ERELAN Film-coated tablet Ref.[50373] Active ingredients: Moxifloxacin

Revision Year: 2018 

4.3. Contraindications

Hypersensitivity to the active substance or to any of the excipients listed in section 6.1.

Pregnancy and lactation (see section 4.6).

Patients below 18 years of age.

Patients with a history of tendon disease/disorder related to quinolone treatment.

Both in preclinical investigations and in humans, changes in cardiac electrophysiology have been observed following exposure to moxifloxacin, in the form of QT prolongation. For reasons of drug safety, moxifloxacin is therefore contraindicated in patients with:

  • Congenital or documented acquired QT prolongation.
  • Electrolyte disturbances, particularly in uncorrected hypokalaemia.
  • Clinically relevant bradycardia.
  • Clinically relevant heart failure with reduced left-ventricular ejection fraction.
  • Previous history of symptomatic arrhythmias.

Moxifloxacin should not be used concurrently with other drugs that prolong the QT interval (see also section 4.5).

Due to limited clinical data, moxifloxacin is also contraindicated in patients with impaired liver function (Child Pugh C) and in patients with transaminases increase >5-fold ULN.

4.4. Special warnings and precautions for use

The benefit of moxifloxacin treatment especially in infections with a low degree of severity should be balanced with the information contained in the warnings and precautions section.

Prolongation of QTc interval and potentially QTc-prolongation-related clinical conditions

Moxifloxacin has been shown to prolong the QTc interval on the electrocardiogram in some patients.

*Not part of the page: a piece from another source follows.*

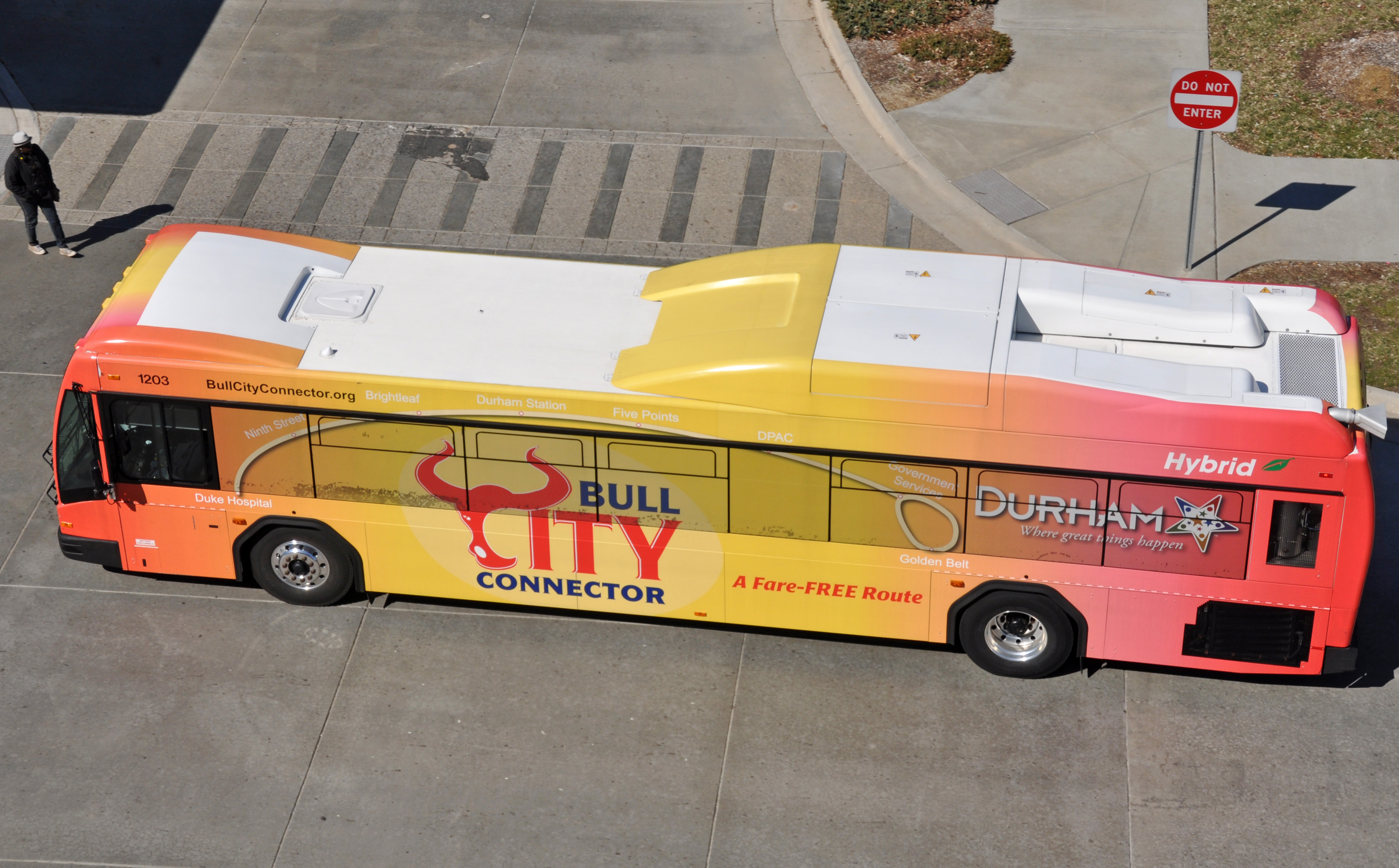 Bull City Connector

In the analysis of ECGs obtained in the clinical trial program, QTc prolongation with moxifloxacin was 6 msec ± 26 msec, 1.4% compared to baseline.

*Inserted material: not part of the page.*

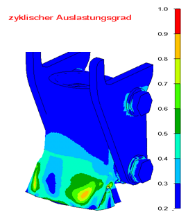 contour plot showing cyclic using factor

As women tend to have a longer baseline QTc interval compared with men, they may be more sensitive to QTc-prolonging medications. Elderly patients may also be more susceptible to drugassociated effects on the QT interval.

Medication that can reduce potassium levels should be used with caution in patients receiving moxifloxacin (see also sections 4.3 and 4.5).

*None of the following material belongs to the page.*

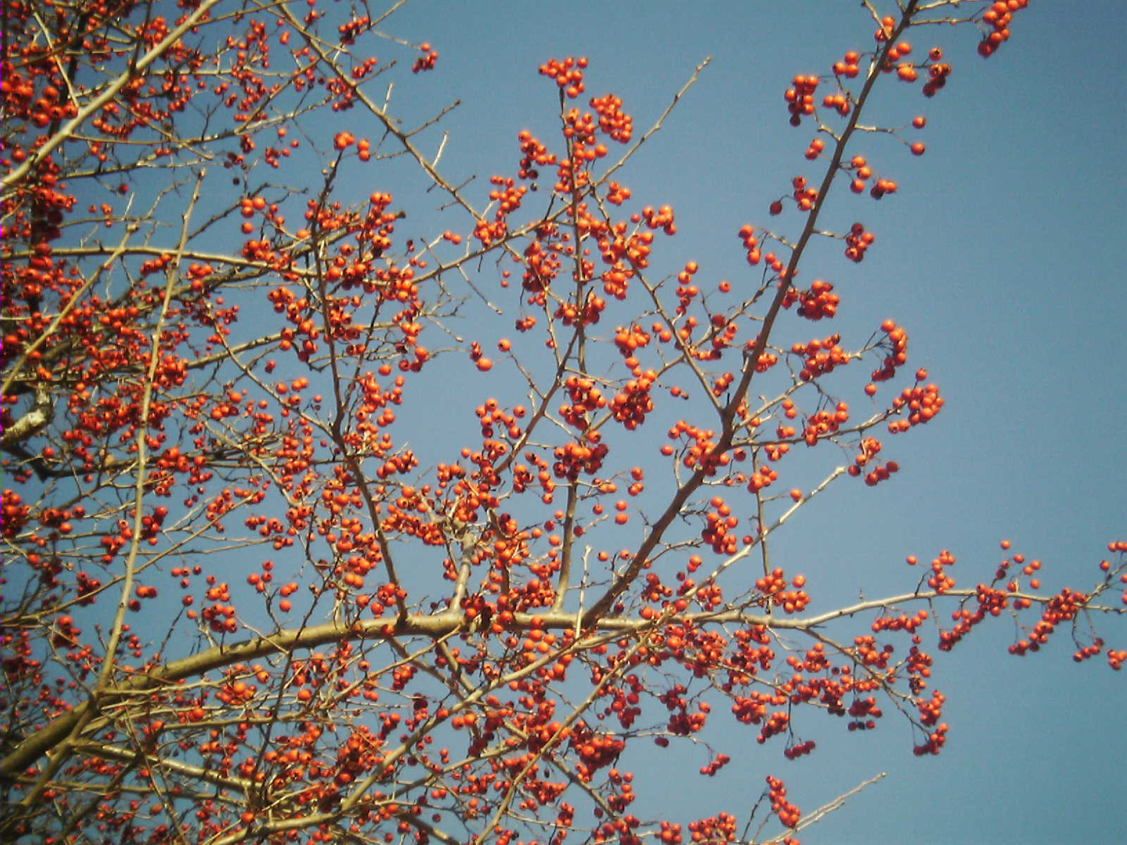 짧은설명 Fruit of Crataegus pinnatifida. Taken in Gyeonggi Provincial Museum, Yongin, in November 2005.

Moxifloxacin should be used with caution in patients with ongoing proarrhythmic conditions (especially women and elderly patients), such as acute myocardial ischaemia or QT prolongation as this may lead to an increased risk for ventricular arrhythmias (incl. torsade de pointes) and cardiac arrest (see also section 4.3). The magnitude of QT prolongation may increase with increasing concentrations of the drug. Therefore, the recommended dose should not be exceeded. If signs of cardiac arrhythmia occur during treatment with moxifloxacin, treatment should be stopped and an ECG should be performed.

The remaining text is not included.